Users can also add value in more complex ways, assisting in the analysis of collection data. The
‘Plebeian Lives’ project in the UK aims to digitise a wide range of archival materials documenting
the interactions between ‘ordinary’ Londoners and a number of government and charitable
organisations. When the website is launched it will include a workspace where users can link
together records relating to the same individual. The ‘Founders and Survivors’ project in Australia
is also recruiting volunteers to assist in record matching, as well as inviting contributions of
related genealogical data.
Comments and annotations can serve a variety of functions. The UK National Archives links
catalogue entries to its YourArchive wiki, enabling users to contribute detailed background
information relating to records. In Mapping our Anzacs, the online scrapbook takes on a more
personal, reflective role, allowing users to contribute notes, comments or images concerning a
particular individual. In both cases the meaning and context of records can be significantly
enriched.
Krause and Yakel note that allowing user annotations within finding aids might promote dialogue,
both within the user community and between archivists and users. Such annotations could also
‘assist historians and other archives users in filtering and identifying relevant materials by taking
advantage of the value of socially constructed descriptions and taxonomies’.50
However we seek to define the scope of user engagement, we must expect, like the Library of
Congress, to be surprised. In a report on its Flickr project, the Library catalogued some of the wide
variety of user interactions that had evolved around their images, these included: ‘sparking
memory and conversations about history’, ‘looking from all over the world and reflecting on
related experiences’ and ‘offering visual humour’.51 People are not machines – they will create
their own roles, they will find their own uses and they will set their own standards. To open
ourselves to user collaborations is to invite new possibilities.
RESOURCES
Examples of collection development
PICTURE AUSTRALIA FLICKR PROJECT
<WWW.PICTUREAUSTRALIA.ORG/CONTRIBUTE/PARTICIPANTS/F
LICKR.HTML>
SLSA COLLECTION DEVELOPMENT
<WWW.FLICKR.COM/GROUPS/STATELIBRARYSOUTHAUSTRALIA/
50
Magia Krause and Elizabeth Yakel, ‘Interaction in virtual archives: The Polar Bear Expedition Digital Collections
next generation finding aid’, American Archivist, vol. 70, no. 2, 2007, p. 291.
51
‘For the Common Good: The Library of Congress Flickr Pilot Project’, 30 October 2008,
<www.loc.gov/rr/print/flickr_report_final.pdf>.
21.
EMERGING TECHNOLOGIES FOR THE PROVISION OF ACCESS TO ARCHIVES
POOL/>
Examples of creating connections
PLEBEIAN LIVES
<WWW.SHEF.AC.UK/HRI/PROJECTS/PROJECTPAGES/PLEBEIANLI
VES.HTML>
FOUNDERS AND SURVIVORS <WWW.FOUNDERSANDSURVIVORS.ORG>
Examples of building context
MAPPING OUR ANZACS SCRAPBOOK <OURANZACS.TUMBLR.COM>
DIY archives
The 2.0 designation, as applied to Web 2.0, Gov 2.0 or Archives 2.0, signals a new relationship
with the public. No longer the passive receivers of information, the public are empowered to
contribute, and contest. Within this environment, we cannot expect finding aids to remain locked
in timehonoured formality. Users can be given, or will take for themselves, the power to shape
their own experience.
Web 2.0 brought with it a new focus on usability and personalisation. We now take it for granted
that social media spaces can be customised to reflect our tastes and interests. The bundle of
technologies commonly known as Ajax allow the content and design of a web page to be changed
without reloading the page. Javascript libraries such as JQuery simplify the process of interface
design and offer a wide variety of widgets and effects. Users can be given the ability to drag,
resize and reorder items, reconstructing the screen as they desire. Developments such as these
have fuelled the creation of rich and responsive web applications.

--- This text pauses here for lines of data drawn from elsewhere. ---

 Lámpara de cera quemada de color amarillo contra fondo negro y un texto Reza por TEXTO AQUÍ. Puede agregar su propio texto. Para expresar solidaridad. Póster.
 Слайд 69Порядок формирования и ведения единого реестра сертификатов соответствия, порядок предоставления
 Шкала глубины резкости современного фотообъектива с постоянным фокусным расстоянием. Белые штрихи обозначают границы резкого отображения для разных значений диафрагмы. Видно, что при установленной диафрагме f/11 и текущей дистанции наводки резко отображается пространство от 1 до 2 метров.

Where limits have been drawn, users have found other ways to claim their new found right to
customisation. Working within the browser, userscripting languages, such as Greasemonkey can
radically change the design and even the functionality of web sites. If you don’t like a way a site is
laid out, you can change it. For example, there is a Greasemonkey script that radically changes the
way digitised files are viewed within the National Archives of Australia’s RecordSearch database.

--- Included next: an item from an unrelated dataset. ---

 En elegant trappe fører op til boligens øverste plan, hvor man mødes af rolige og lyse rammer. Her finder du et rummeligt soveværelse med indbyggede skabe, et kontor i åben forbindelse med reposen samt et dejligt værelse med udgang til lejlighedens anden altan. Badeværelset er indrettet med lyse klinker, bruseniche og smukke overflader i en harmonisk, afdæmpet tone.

Increasingly, the public will also take the data provided by government, or by scientific and
cultural institutions, and use it to build their own applications. This is already happening.
Community organisations such as MySociety in the UK and the Sunlight Foundation in the USA
have shown how the reuse of existing government information can foster accountability and
improve responsiveness. From FixMyStreet to Capital Words, a range websites, applications and
APIs have given the public new ways of interacting with all levels of government.
Governments themselves have begun to realise that by supporting these types of activities they
can bring efficiencies to government business while promoting a greater sense of transparency.
The USA now provides access to thousands of government data sources through its data.gov site,
while the UK has engaged webfounder and open linked data evangelist Tim BernersLee to
advise them on developing access to public sector information. In Australia, the Gov2.0 Taskforce
is investigating similar possibilities.
22.
EMERGING TECHNOLOGIES FOR THE PROVISION OF ACCESS TO ARCHIVES
By exposing their data to the public, archives can similarly open many new possibilities for
discovery. Accessing descriptive data through an API, users could, for example, develop their
own ways of navigating the collection. They might extract word frequencies from file titles to
develop interactive word clouds. Or they might mashup provenance information with other
biographical sources to build a personbased browser. Notably, the National Archives of Australia
has recently released data from its collection database for use in the Gov 2.0 Taskforce’s mashup
competition.
Using such data, individual enthusiasts or communities of interest could develop applications that
meet their own specific needs. Archives will thus be able to service an infinitelywide range of
users without any additional investment. The power to create such applications is not limited to
programmers. Already Yahoo Pipes provides a graphical interface that enables users to retrieve,
combine and transform data from a variety of sources. For example, there is a Yahoo Pipes script
that aggregates featured collection items from a range of Australian sources.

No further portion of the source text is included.